**TASK DETAILS:**
Using the records below, write out only the lines from the line containing "This stunning ring" up to and including the line containing "Praktičen ergonomski ročaj", exactly, with no pictures.

ENTRIES SHOWN section start

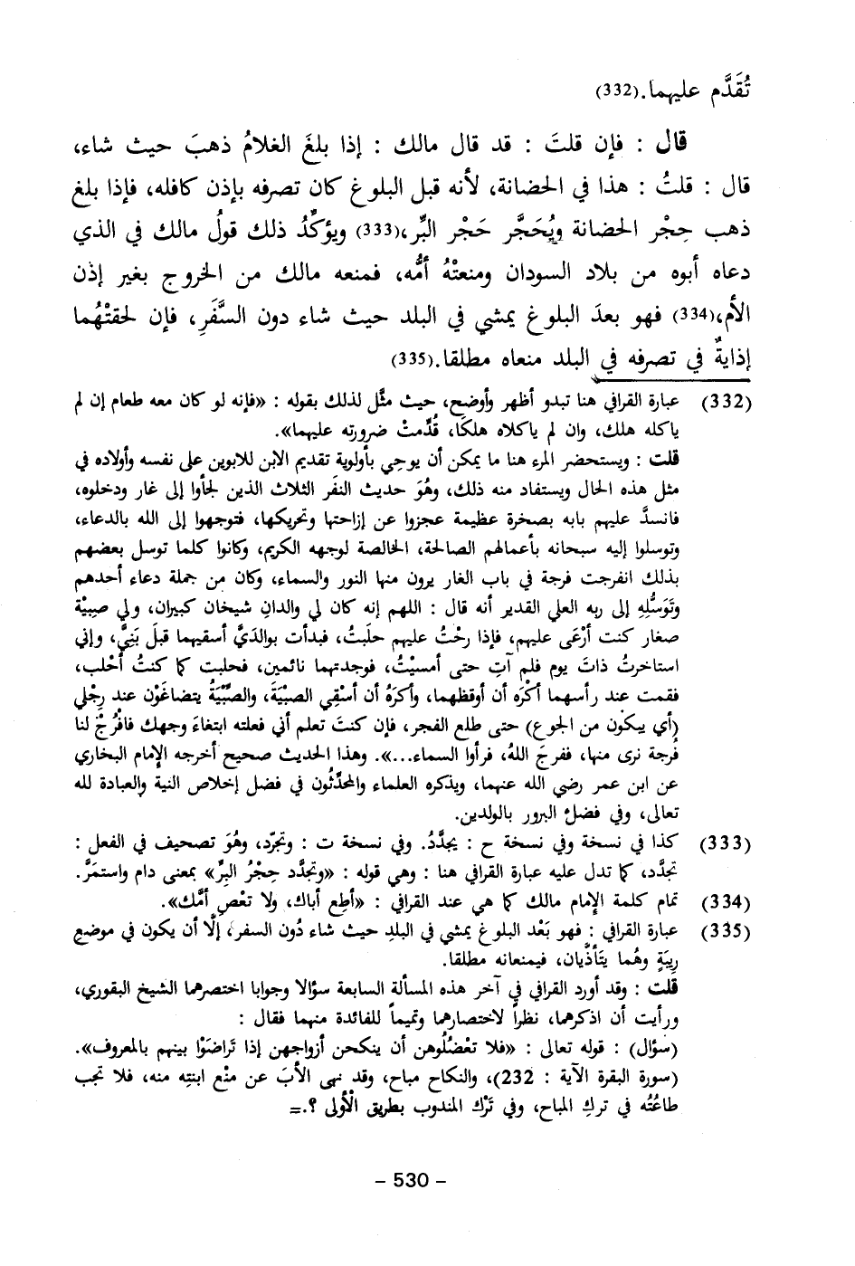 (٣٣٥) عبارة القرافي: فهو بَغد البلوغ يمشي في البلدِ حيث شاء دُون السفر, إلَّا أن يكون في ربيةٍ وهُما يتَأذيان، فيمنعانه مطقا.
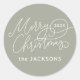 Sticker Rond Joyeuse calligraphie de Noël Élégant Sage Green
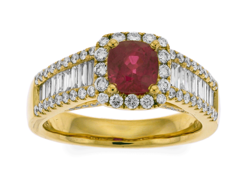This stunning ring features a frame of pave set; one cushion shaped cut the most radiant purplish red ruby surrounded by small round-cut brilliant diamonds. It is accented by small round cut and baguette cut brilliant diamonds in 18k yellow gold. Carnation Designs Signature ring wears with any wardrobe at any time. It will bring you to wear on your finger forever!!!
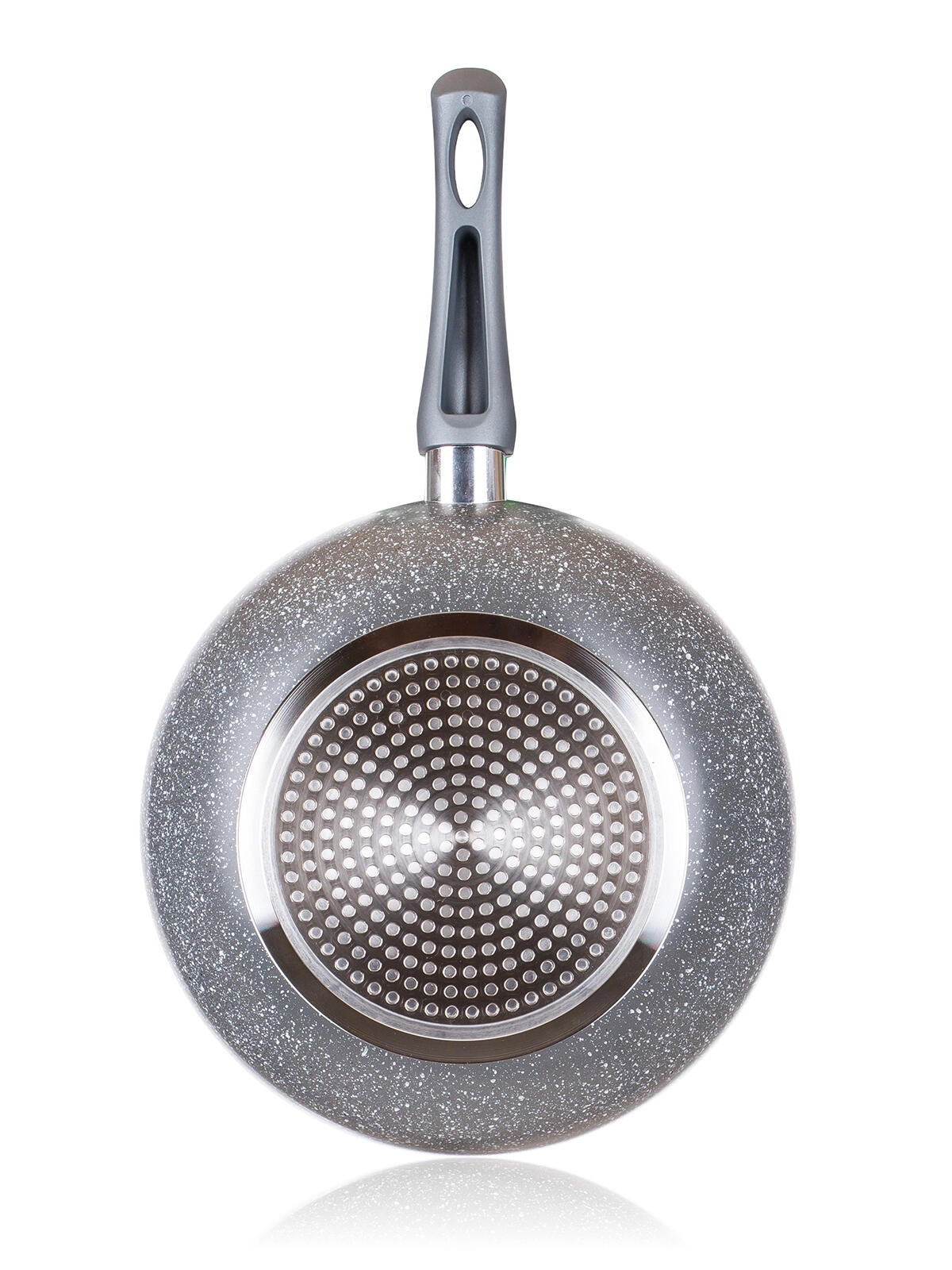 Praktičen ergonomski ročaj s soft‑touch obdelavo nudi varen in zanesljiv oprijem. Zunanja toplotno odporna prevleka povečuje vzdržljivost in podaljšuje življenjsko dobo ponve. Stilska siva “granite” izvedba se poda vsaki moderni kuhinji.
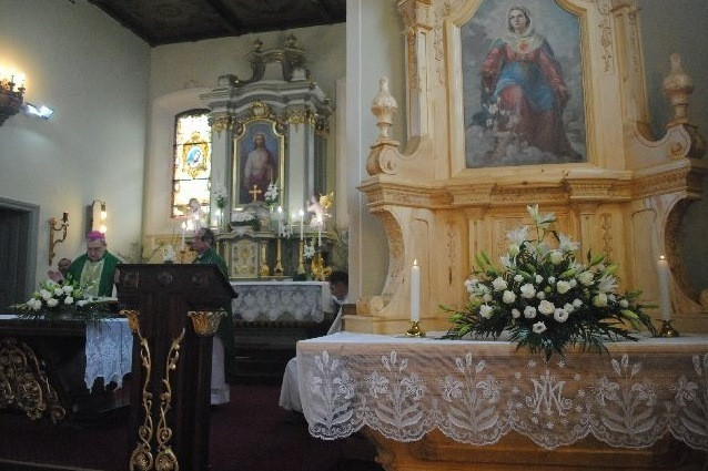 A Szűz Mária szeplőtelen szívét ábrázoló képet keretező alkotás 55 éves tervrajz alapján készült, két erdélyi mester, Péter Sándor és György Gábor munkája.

ENTRIES SHOWN section end

**ANSWER BOX:**
This stunning ring features a frame of pave set; one cushion shaped cut the most radiant purplish red ruby surrounded by small round-cut brilliant diamonds. It is accented by small round cut and baguette cut brilliant diamonds in 18k yellow gold. Carnation Designs Signature ring wears with any wardrobe at any time. It will bring you to wear on your finger forever!!!
 Praktičen ergonomski ročaj s soft‑touch obdelavo nudi varen in zanesljiv oprijem. Zunanja toplotno odporna prevleka povečuje vzdržljivost in podaljšuje življenjsko dobo ponve. Stilska siva “granite” izvedba se poda vsaki moderni kuhinji.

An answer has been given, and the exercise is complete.